WHAT TO PRODUCE
Everything in the listing below must be set down again exactly, apart from the pictures.

DATASET SECTION
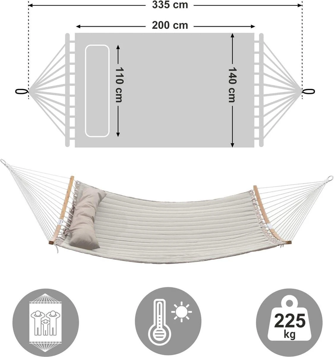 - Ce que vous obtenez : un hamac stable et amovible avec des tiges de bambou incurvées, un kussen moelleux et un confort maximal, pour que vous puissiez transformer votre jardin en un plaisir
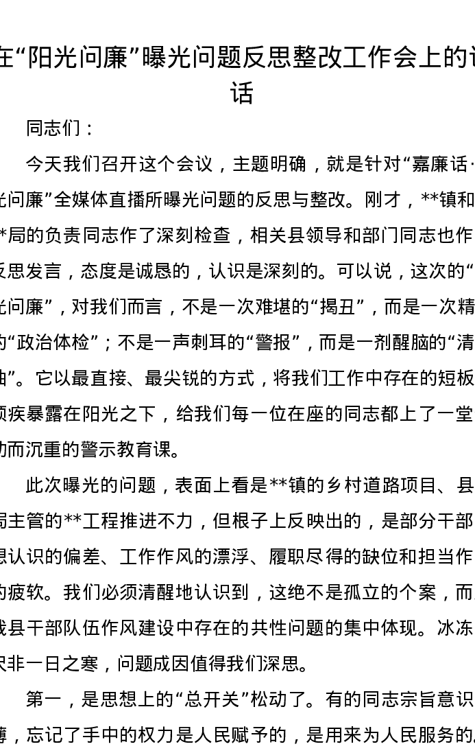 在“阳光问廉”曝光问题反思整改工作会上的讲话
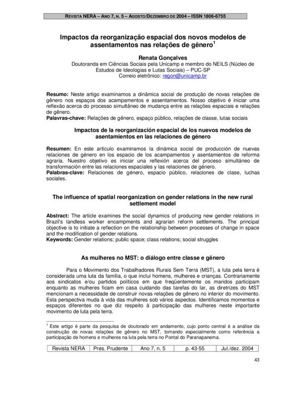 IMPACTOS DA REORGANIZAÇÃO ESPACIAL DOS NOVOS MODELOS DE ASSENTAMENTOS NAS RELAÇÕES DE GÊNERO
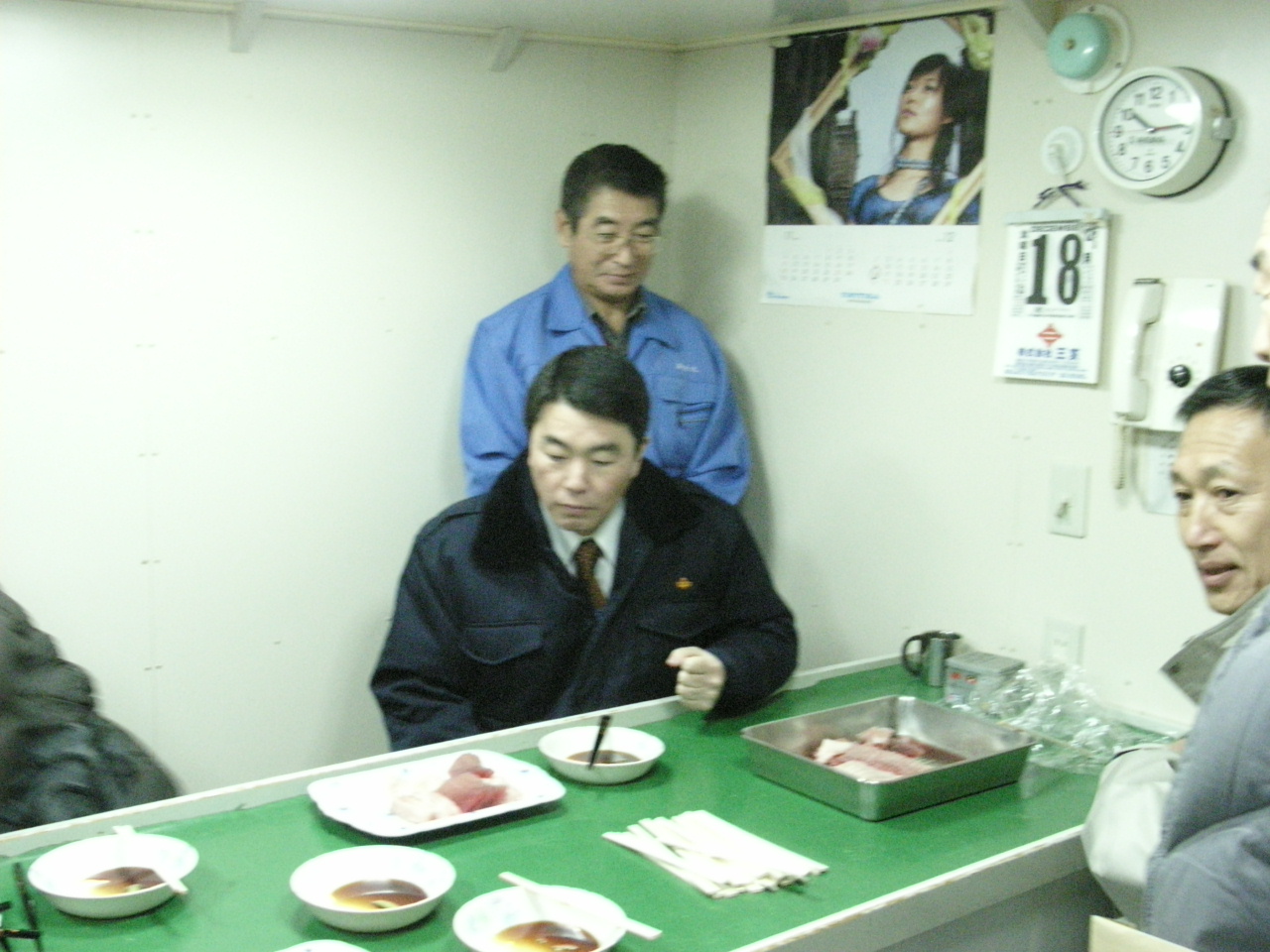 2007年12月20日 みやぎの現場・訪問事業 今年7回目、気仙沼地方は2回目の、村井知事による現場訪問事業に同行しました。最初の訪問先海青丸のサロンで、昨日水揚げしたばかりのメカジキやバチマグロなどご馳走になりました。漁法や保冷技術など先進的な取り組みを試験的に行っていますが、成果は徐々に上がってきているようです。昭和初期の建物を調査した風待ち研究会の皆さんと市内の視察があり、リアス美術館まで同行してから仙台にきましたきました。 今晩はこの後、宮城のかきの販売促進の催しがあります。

RESPONSE TO THIS TASK
 - Ce que vous obtenez : un hamac stable et amovible avec des tiges de bambou incurvées, un kussen moelleux et un confort maximal, pour que vous puissiez transformer votre jardin en un plaisir
 在“阳光问廉”曝光问题反思整改工作会上的讲话
 IMPACTOS DA REORGANIZAÇÃO ESPACIAL DOS NOVOS MODELOS DE ASSENTAMENTOS NAS RELAÇÕES DE GÊNERO
 2007年12月20日 みやぎの現場・訪問事業 今年7回目、気仙沼地方は2回目の、村井知事による現場訪問事業に同行しました。最初の訪問先海青丸のサロンで、昨日水揚げしたばかりのメカジキやバチマグロなどご馳走になりました。漁法や保冷技術など先進的な取り組みを試験的に行っていますが、成果は徐々に上がってきているようです。昭和初期の建物を調査した風待ち研究会の皆さんと市内の視察があり、リアス美術館まで同行してから仙台にきましたきました。 今晩はこの後、宮城のかきの販売促進の催しがあります。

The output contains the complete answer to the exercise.